Table 4 Equivalence class formed by eight circular codes. Each column represents one of the 216 circular codes \(X_i\), where \(i \in \{1,\dots ,216\}\). The codes are related through the group of transformations \(D_8\). For instance AAC \(\in X_{173}\) and KM(AAC) = CCA \(\in X_{192}\).
Full size table

Coverage of a circular code

The coverage of a circular code over a specific sequence or organism, is a key quantity to study the role played by circular codes in translation. It is the cumulative codon usage of the codons belonging to a code and can be seen as a measure of the “goodness” of a code, see also29. It can be interpreted as a sort of aggregate codon usage of the set of codons of the code. In the following we provide a rigorous mathematical definition.

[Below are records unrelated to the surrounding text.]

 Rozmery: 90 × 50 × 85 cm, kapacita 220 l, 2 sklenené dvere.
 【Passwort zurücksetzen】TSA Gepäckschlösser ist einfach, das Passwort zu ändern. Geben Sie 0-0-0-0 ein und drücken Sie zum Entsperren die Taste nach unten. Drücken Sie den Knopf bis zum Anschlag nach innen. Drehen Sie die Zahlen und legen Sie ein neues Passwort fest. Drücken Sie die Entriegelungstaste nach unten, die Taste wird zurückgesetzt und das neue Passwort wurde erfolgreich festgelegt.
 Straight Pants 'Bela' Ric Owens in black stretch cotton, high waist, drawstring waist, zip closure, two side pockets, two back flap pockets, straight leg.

Given a genome i, we define its codon distribution (or codon usage) \({\mathbf {p}}_i\) over the set of codons of \({\mathcal {B}}^3\) as:

Codons

\(x_{1}\)

\(\dots\)

\(x_{k}\)

\(\dots\)

\(x_{64}\)

Usage

\(p_{1i}\)

\(\dots\)

\(p_{ki}\)

\(\dots\)

\(p_{64\,i}\)

where \(x_k \in {\mathcal {B}}^3\) and \(p_{ki} \in {\mathbf {p}}_i\). Next, we define the coverage of a code as the cumulative codon usage over the set of codons that compose the code.

Definition 1

Given a circular code \(X_j \in {\mathfrak {C}}\) where \(j = 1,\dots ,216\) and a genome i, we define as \(\mathrm {C}_{ij}\) the coverage of code \(X_j\) over genome i: \(\mathrm {C}_{ij} = \sum _{k=1}^{64} p_{ki} \; I_{X_j}(x_k),\) where \(I_A(x)\) is the indicator function, i.e. \(I_A(x) = 1\) if \(x \in A\), 0 otherwise.

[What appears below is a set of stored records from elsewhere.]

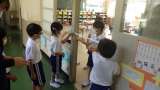 1年生が、教室の入り口に紙テープを当てていました。「何をしているの。」と聞くと...
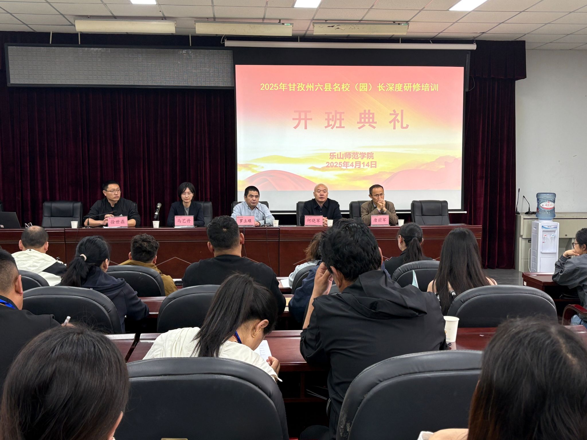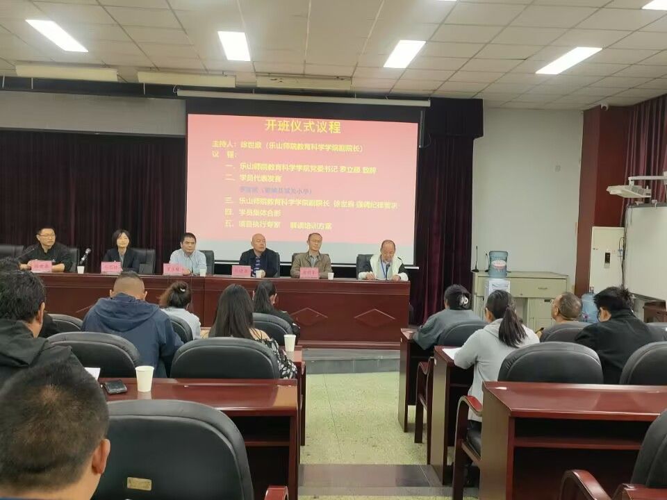 本网讯(文、图/杨斯淇、李飞宇)4月14日上午,由乐山ty8天游平台登录承办的2025年国家及省级教师培训(甘孜州统筹项目)--县级名校(园)长深度研修培训开班仪式在弘毅楼412教室顺利举行。乐山ty8天游平台登录党委书记罗立顺,党委副书记、 纪委书记何晓军,副院长唐前军、马艺丹,小学教育专业专任教师刘猛、教学与科研管理办公室教务干事钟小婷,党政办公室行政秘书陈佳以及来自甘孜州的36名学员参加了此次开班仪式;开班仪式由副院长徐世鼎主持。
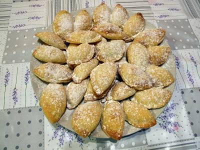 Smícháme mouku s rozkrájeným změklým tukem a tvarohem a vypracujeme hladké těsto. Těsto rozválíme na plát a taštičkovačem vykrajujeme kolečka, lžičkou vložíme náplň, přehneme a zmačkneme okraje. Hotové taštičky naskládáme na plech s pečícím papírem, potřeme rozšlehaným vajíčkem a pečeme do zlatova (170-180°C, cca 10 min.).
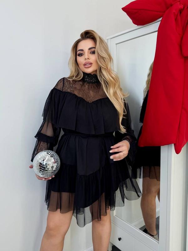 Сукня арт 7043 💥цена 1380грн Материал: софт шовк. Рукава и рюши – сетка. Вставки французского кружева. Платье свободного кроя. Добавляется поясок для приталивания. 🔹42-46: ОГ до 103, ОС до 118 см Длина 87 см 🔹48-56: ОГ до 120, ОБ до 130. Длина 90 см 🔹58-62: ОГ до 140, ОБ до 156. Длина 90 см
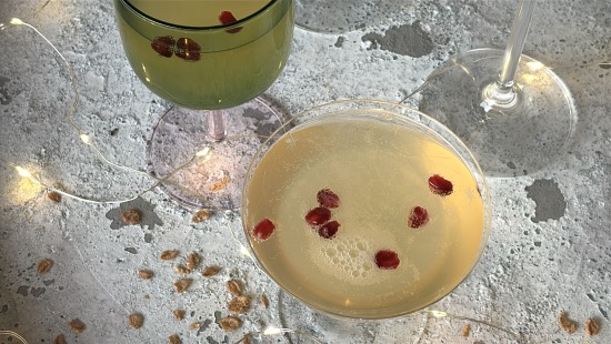 Env. 1 dl de champagne, de prosecco, de schweppes ou de l'eau minérale gazeuse

Clearly, the coverage ranges in [0, 1].

Example 3

Consider the sequence \(\hbox {CAT}\; \hbox {CTG}\; \hbox {AAT}\; \hbox {GGA}\;\) CTG and the two codes \(X_1 = \{\mathrm {CTG}, \mathrm {AAT}\}\), \(X_2 = \{\mathrm {GGA}, \mathrm {TGT}\}\). The codon usage of the sequence is

Codons

CAT

CTG

AAT

GGA

Usage

1/5

2/5

1/5

1/5

The coverage of \(X_1\) results \(2/5 + 1/5 = 3/5 = 0.60\), and that of \(X_2\) results \(1/5 = 0.20\).

Note that the coverage, as defined in29, accounts for the simultaneous coverage of a code in the three frames but here we consider the coverage in the three frames separately. Also, other indicators have been proposed to study the properties of circular codes, see e.g.24 and references therein, but the coverage appears the most appropriate to our aim.